(Data items)

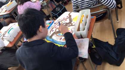 3年生が国語の授業で学習した『モチモチの木』の絵を描いています。
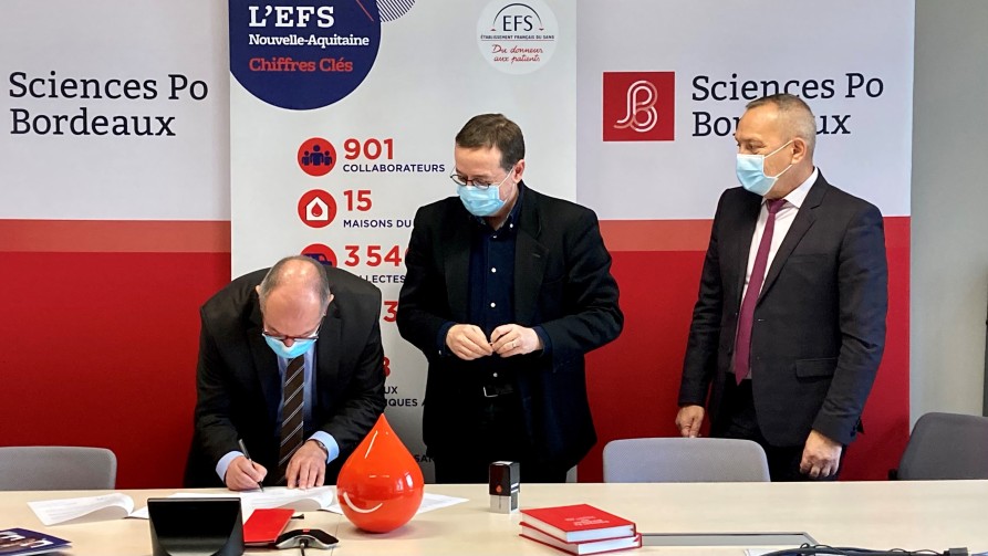 La signature a eu lieu vendredi 3 décembre dans les locaux de l’Institut. Un moment fort en émotion, tant pour l’équipe de Sciences Po Bordeaux que pour le Président de l’Établissement Français du Sang, François Toujas, diplômé de l’école (promotion 1979).
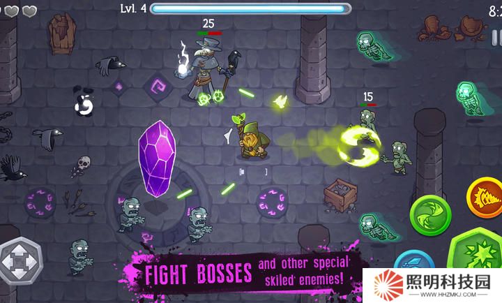 法師大戰(zhàn)僵尸手游還是一款卡通風(fēng)格的肉鴿冒險(xiǎn)類游戲。玩家在游戲中將扮演一位魔法師,你要通過自己的能力在地圖中探索戰(zhàn)斗,肉鴿的玩法,無盡的敵人不斷地入侵,通過自己的技能應(yīng)對。不斷地戰(zhàn)斗升級,解鎖更加強(qiáng)大的
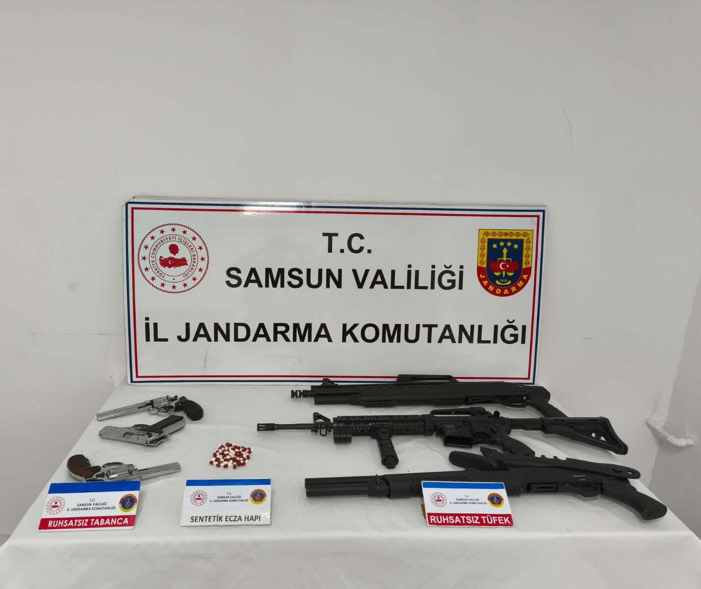 Şahsın ikametinde yapılan aramada 47 adet sentetik ecza hapı, 3 adet ruhsatsız av tüfeği ve 3 adet ruhsatsız tabanca ele geçirildi.
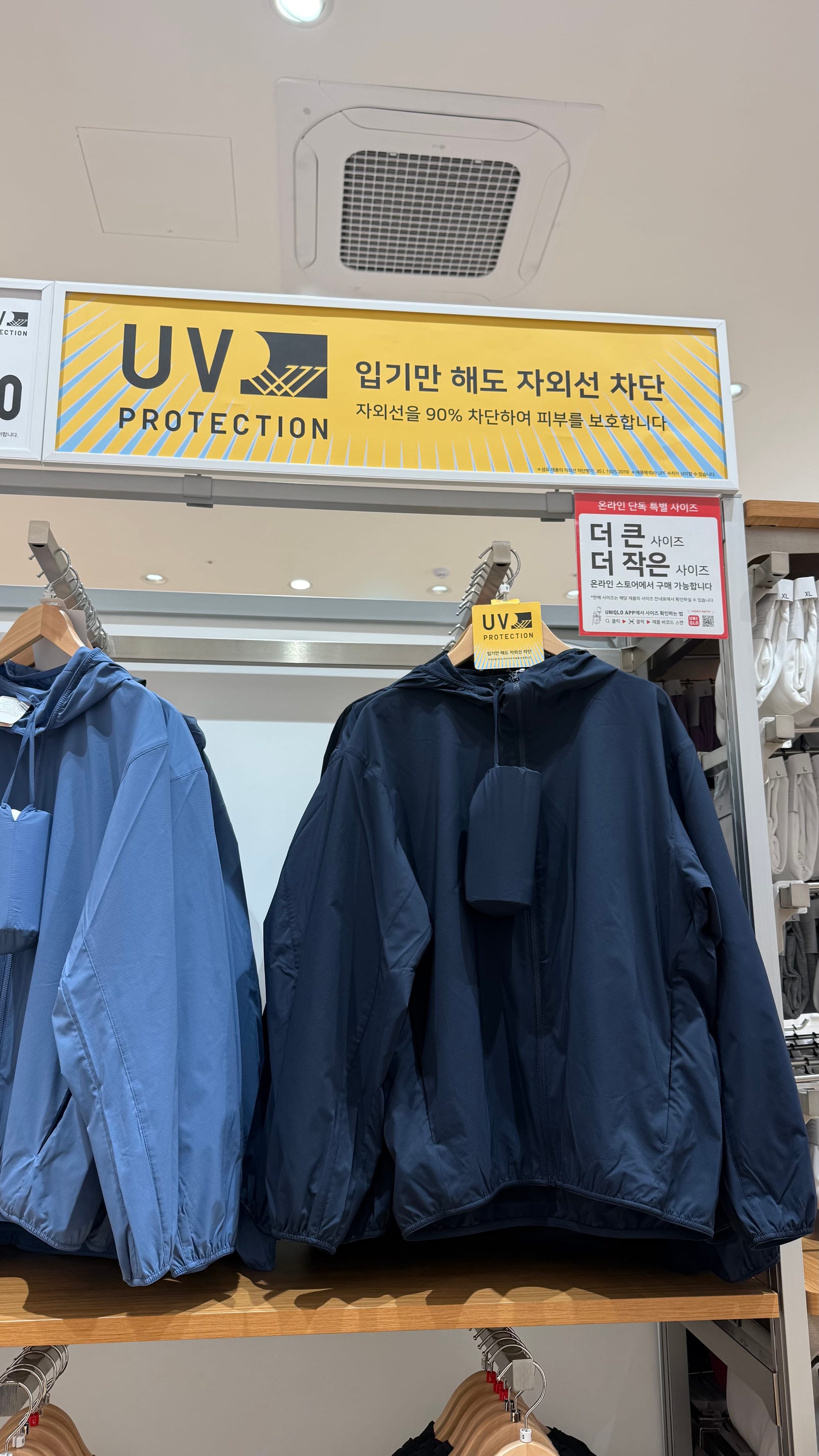 유니클로의 이런 옷들은 자체 품질 검사를 해서 자외선 차단률을 명시해둔다. 매장에 걸려 있는 설명에는 90%의 자외선을 막는다고 되어있는데 이는 환산해보면 UPF 10밖에 되지 않는다. 실제로는 UPF 수치가 훨씬 더 높은데 최대한 보수적으로 단순화해서 이렇게 걸어놓았다.
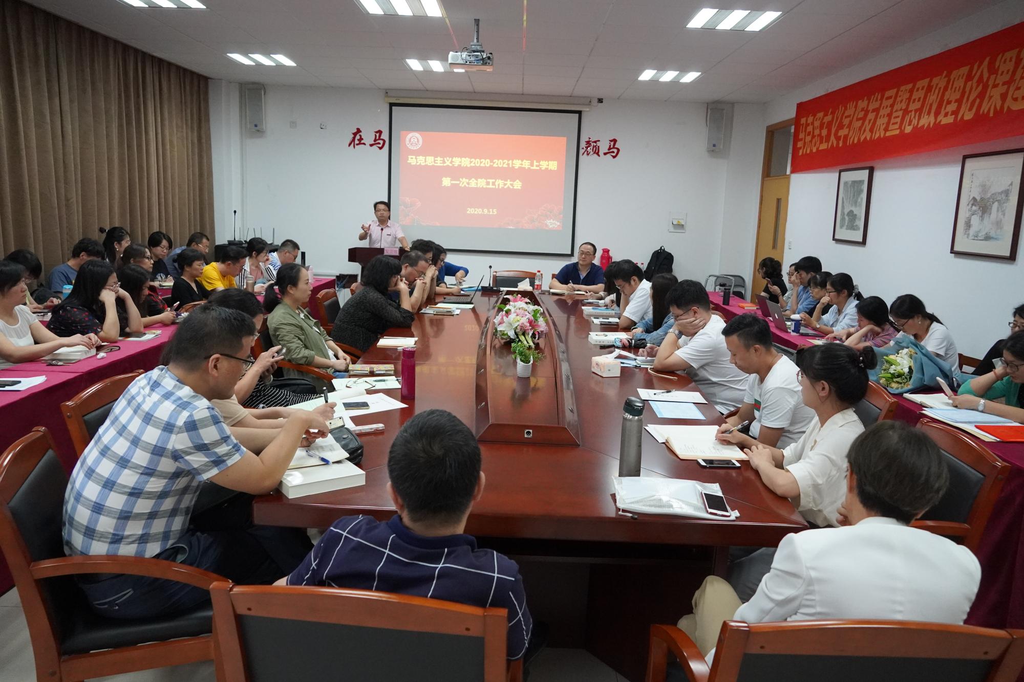 6位教研室主任分别介绍各自教研室的工作思路和重点。马克思主义基本原理教研室主任韩跃民老师介绍本教研室在新学期的工作规划。在教学工作方面,马院教研室以教学改革为核心目标,教学内容不仅突出经典文献的品读,还要与浙江省发展实践相结合,同时设置习近平总书记关于浙江重要讲话的一系列资料;在日常工作方面,推动线上、线下相结合的集体备课会和青年教师的帮扶计划。中国近现代史纲要教研室主任高伟老师介绍了新学期纲要课教学计划的调整和教学大纲的修编,介绍了本教研室对青年教师的帮扶计划,同时还介绍了纲要教研室与其他兄弟教研室互帮互助护持的教学科研计划,努力促成教学、科研团队的形成。中国特色社会主义理论体系概论教研室主任潘旦老师从教学、科研、团建的角度分别介绍了本教研室新学期工作计划。在教学工作的规划中,要积极申报各类课程、积极开展集体备课、努力推进教改工作;在科研工作的规划中,要努力推进国家课题申报研讨会,积极举办论文指导交流活动;在团建工作的规划中,要积极参加省内调研活动等。思想道德修养与法律基础教研室主任王洪霞老师指出,在新学期工作中,思修教研室要加强教学规范化建设,更加注重教学大纲和考试细则,对每一个教学专题要有更为精准的安排,同时努力推进章节和教学主题相一致,加强教研室常规化交流。心理教研室主任李晓娟老师从本教研室成立的理念、宗旨等角度出发,指出心理教育与心理服务为本教研室的工作核心,同时推动心理咨询室的建立。另外,李晓娟老师还指出,还要积极推动心理教研室与学校学生处的合作,努力开展各项心理辅导、心理讲座,同时将此业务拓展到中小学,以及与治疗如自闭症、孤独症等慈善医疗机构合作,做一些公益性的工作。形势与政策教研室主任赵春珍老师从形策课的特殊性出发,指出新学期要大力抓好常规化教学,搞好两次集体备课,组织好两次示范课建设,狠抓学生考勤考核;还要全力做好本教研室科研、教改工作,多贡献教学新智慧,同步慕课资料;另外还要组织教研室成员共同撰写教研论文,多组织多开展教研室怡情怡心的教研活动。
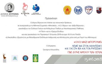 Επικαιρότητα 13 Ιουνίου 2018 Φιλανθρωπική εκδήλωση από τον Δήμο Βύρωνα και τα αθλητικά σωματεία του Δήμου
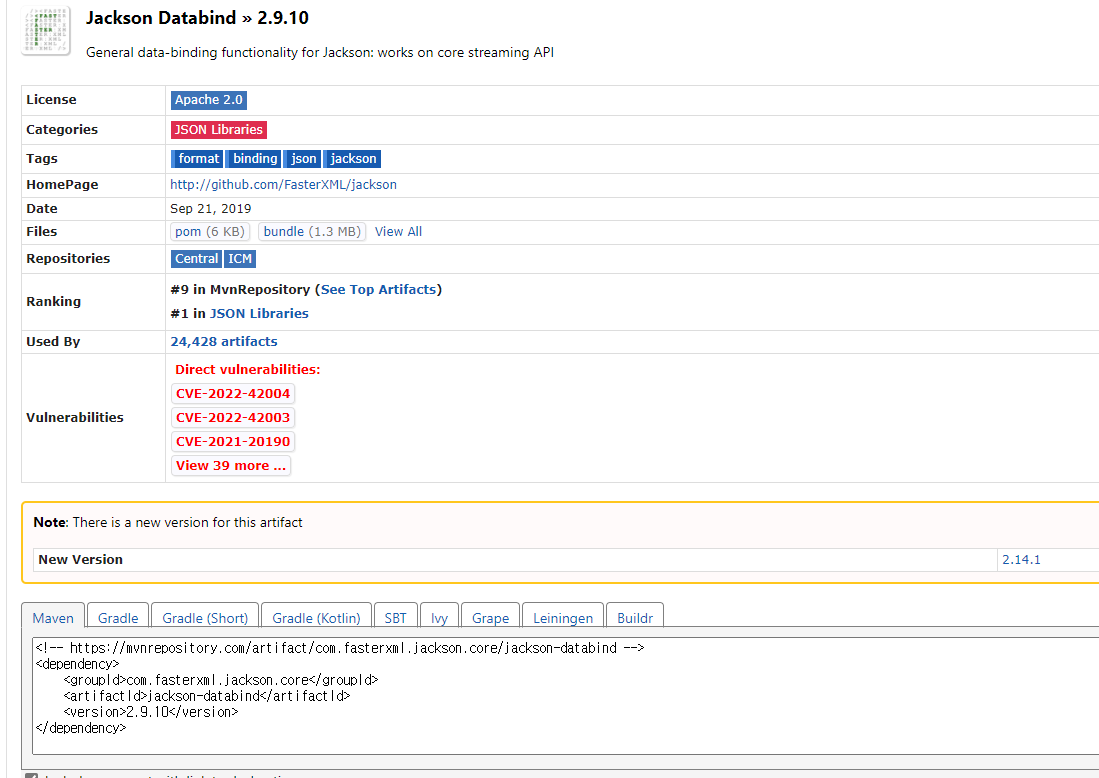 Maven Repository: com.fasterxml.jackson.core » jackson-databind » 2.9.10 (mvnrepository.com)
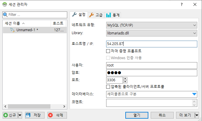 저 같은경우 아까 root 사용자와 1234로 만들었기 때문에 이대로 해서 열기를 눌러볼게요

→ Work instructions
What is needed is an exact reproduction of the data, pictures excluded.

→ Answer to this problem
 3年生が国語の授業で学習した『モチモチの木』の絵を描いています。
 La signature a eu lieu vendredi 3 décembre dans les locaux de l’Institut. Un moment fort en émotion, tant pour l’équipe de Sciences Po Bordeaux que pour le Président de l’Établissement Français du Sang, François Toujas, diplômé de l’école (promotion 1979).
 法師大戰(zhàn)僵尸手游還是一款卡通風(fēng)格的肉鴿冒險(xiǎn)類游戲。玩家在游戲中將扮演一位魔法師,你要通過自己的能力在地圖中探索戰(zhàn)斗,肉鴿的玩法,無盡的敵人不斷地入侵,通過自己的技能應(yīng)對。不斷地戰(zhàn)斗升級,解鎖更加強(qiáng)大的
 Şahsın ikametinde yapılan aramada 47 adet sentetik ecza hapı, 3 adet ruhsatsız av tüfeği ve 3 adet ruhsatsız tabanca ele geçirildi.
 유니클로의 이런 옷들은 자체 품질 검사를 해서 자외선 차단률을 명시해둔다. 매장에 걸려 있는 설명에는 90%의 자외선을 막는다고 되어있는데 이는 환산해보면 UPF 10밖에 되지 않는다. 실제로는 UPF 수치가 훨씬 더 높은데 최대한 보수적으로 단순화해서 이렇게 걸어놓았다.
 6位教研室主任分别介绍各自教研室的工作思路和重点。马克思主义基本原理教研室主任韩跃民老师介绍本教研室在新学期的工作规划。在教学工作方面,马院教研室以教学改革为核心目标,教学内容不仅突出经典文献的品读,还要与浙江省发展实践相结合,同时设置习近平总书记关于浙江重要讲话的一系列资料;在日常工作方面,推动线上、线下相结合的集体备课会和青年教师的帮扶计划。中国近现代史纲要教研室主任高伟老师介绍了新学期纲要课教学计划的调整和教学大纲的修编,介绍了本教研室对青年教师的帮扶计划,同时还介绍了纲要教研室与其他兄弟教研室互帮互助护持的教学科研计划,努力促成教学、科研团队的形成。中国特色社会主义理论体系概论教研室主任潘旦老师从教学、科研、团建的角度分别介绍了本教研室新学期工作计划。在教学工作的规划中,要积极申报各类课程、积极开展集体备课、努力推进教改工作;在科研工作的规划中,要努力推进国家课题申报研讨会,积极举办论文指导交流活动;在团建工作的规划中,要积极参加省内调研活动等。思想道德修养与法律基础教研室主任王洪霞老师指出,在新学期工作中,思修教研室要加强教学规范化建设,更加注重教学大纲和考试细则,对每一个教学专题要有更为精准的安排,同时努力推进章节和教学主题相一致,加强教研室常规化交流。心理教研室主任李晓娟老师从本教研室成立的理念、宗旨等角度出发,指出心理教育与心理服务为本教研室的工作核心,同时推动心理咨询室的建立。另外,李晓娟老师还指出,还要积极推动心理教研室与学校学生处的合作,努力开展各项心理辅导、心理讲座,同时将此业务拓展到中小学,以及与治疗如自闭症、孤独症等慈善医疗机构合作,做一些公益性的工作。形势与政策教研室主任赵春珍老师从形策课的特殊性出发,指出新学期要大力抓好常规化教学,搞好两次集体备课,组织好两次示范课建设,狠抓学生考勤考核;还要全力做好本教研室科研、教改工作,多贡献教学新智慧,同步慕课资料;另外还要组织教研室成员共同撰写教研论文,多组织多开展教研室怡情怡心的教研活动。
 Επικαιρότητα 13 Ιουνίου 2018 Φιλανθρωπική εκδήλωση από τον Δήμο Βύρωνα και τα αθλητικά σωματεία του Δήμου
 Maven Repository: com.fasterxml.jackson.core » jackson-databind » 2.9.10 (mvnrepository.com)
 저 같은경우 아까 root 사용자와 1234로 만들었기 때문에 이대로 해서 열기를 눌러볼게요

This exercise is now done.